The subsequent concurrent phase of Mark/Remap consists of traversing the object graph to identify the objects that are candidates for collection.

2️⃣ Phase 2: The STW2 pause marks the end of the marking phase. Concurrent treatments allow for the identification of memory regions that need compacting.

3️⃣ Phase 3: After again identifying the correct color in STW3, the objects are moved concurrently to compact the memory, which completes the cycle.

Let’s delve into the details of the various keywords we’ve previously encountered:

✳️ ZPages: ZGC segments the Heap memory into regions known as ZPages, which are categorized as small, medium, and large:

Small (2 MiB — object size up to 256 KiB).
Medium (32 MiB — object size up to 4 MiB).
Large (4+ MiB — object size > 4 MiB).

Small and medium-sized pages can hold multiple objects, whereas large pages are limited to a single object.

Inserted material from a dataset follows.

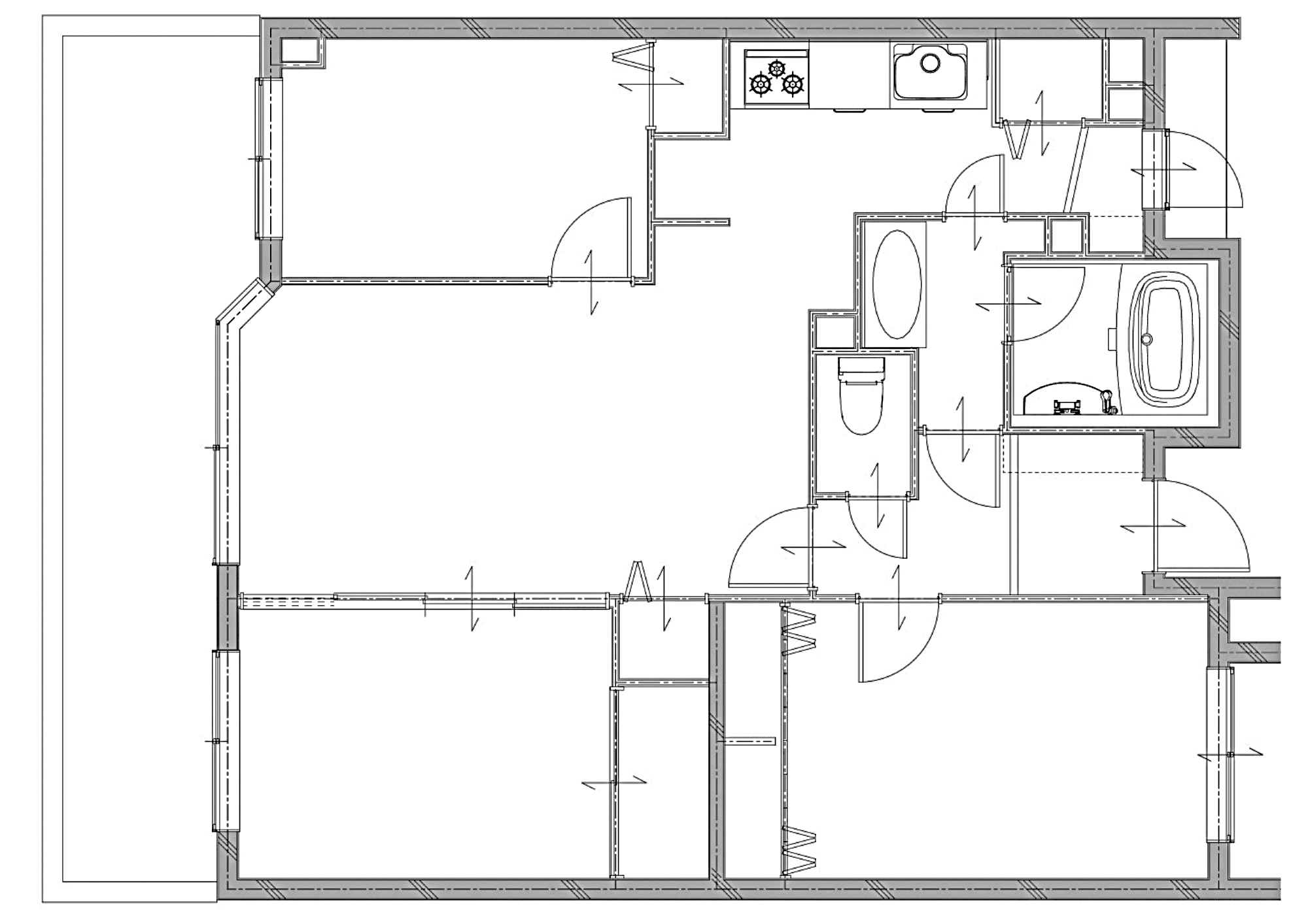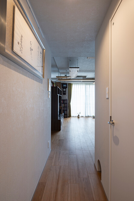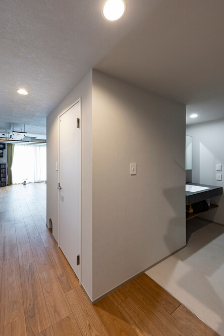 マンションのフルリノベーション事例です。マンションですが勝手口のあるユニークな物件。勝手口からキッチンへ直行できる便利さはそのまま、さらに洗面コーナー/ランドリー/キッチンと、表玄関からもぐるりと回遊できる動線にアップデートしました。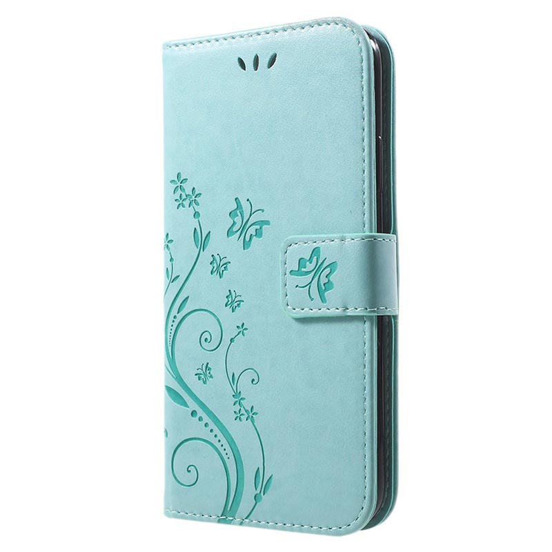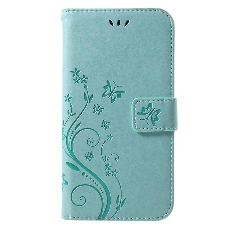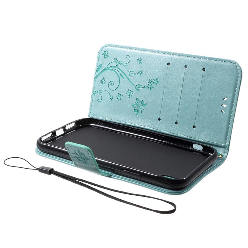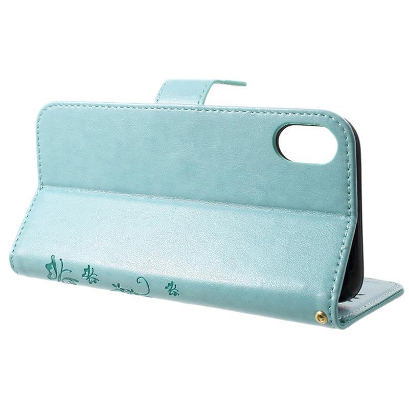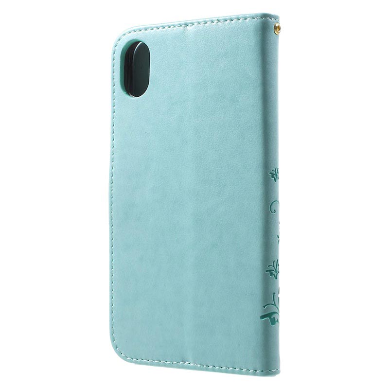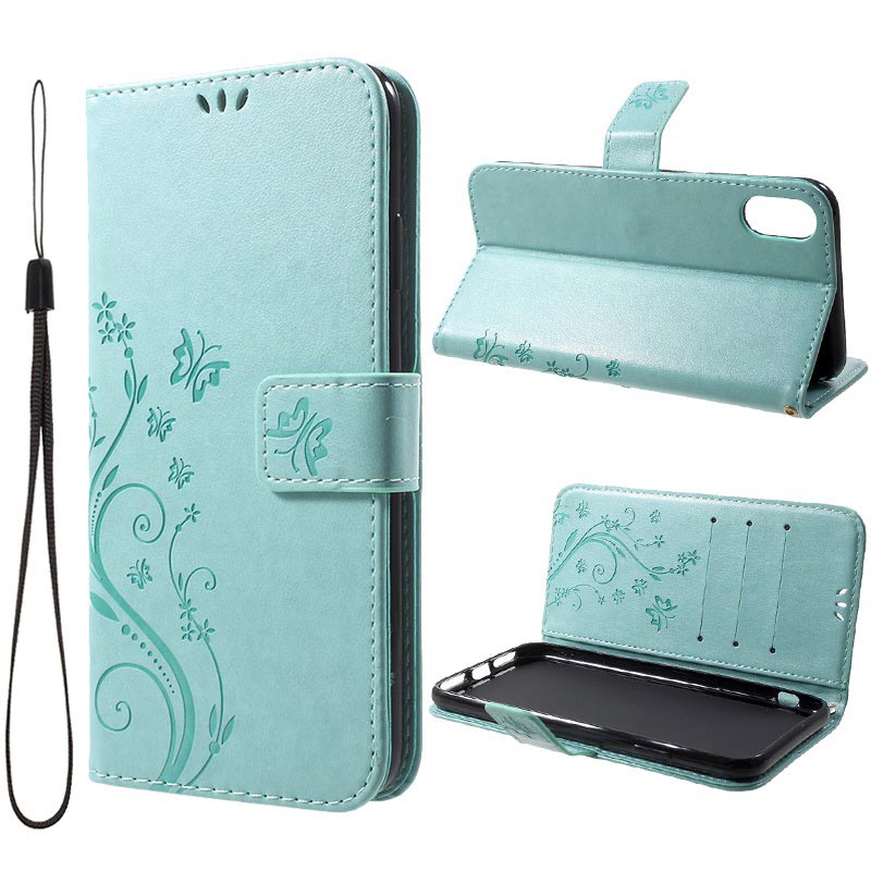 Butterfly Serie iPhone XR Wallet Schutzhülle - Zyan

This restriction helps prevent the movement of large objects, which would require copying extensive memory ranges and could result in significant latency.

Deep-dive of ZGC’s Architecture — Dev.java

✳️ Compaction and Relocation: the Heap objects are constantly compacted to address the problem of progressive memory fragmentation and guarantee the fast allocation of new objects.

During the lifecycle, compactable pages are identified (marked) in Phase 2 (typically those with the fewest objects), and then all objects residing on those pages are relocated in Phase 3. Once a page is devoid of any objects, its memory can be reclaimed.

In order to perform these relocation operations concurrently, ZGC maintains routing tables. These are stored off-heap and optimized for fast reading, at the expense of additional memory cost.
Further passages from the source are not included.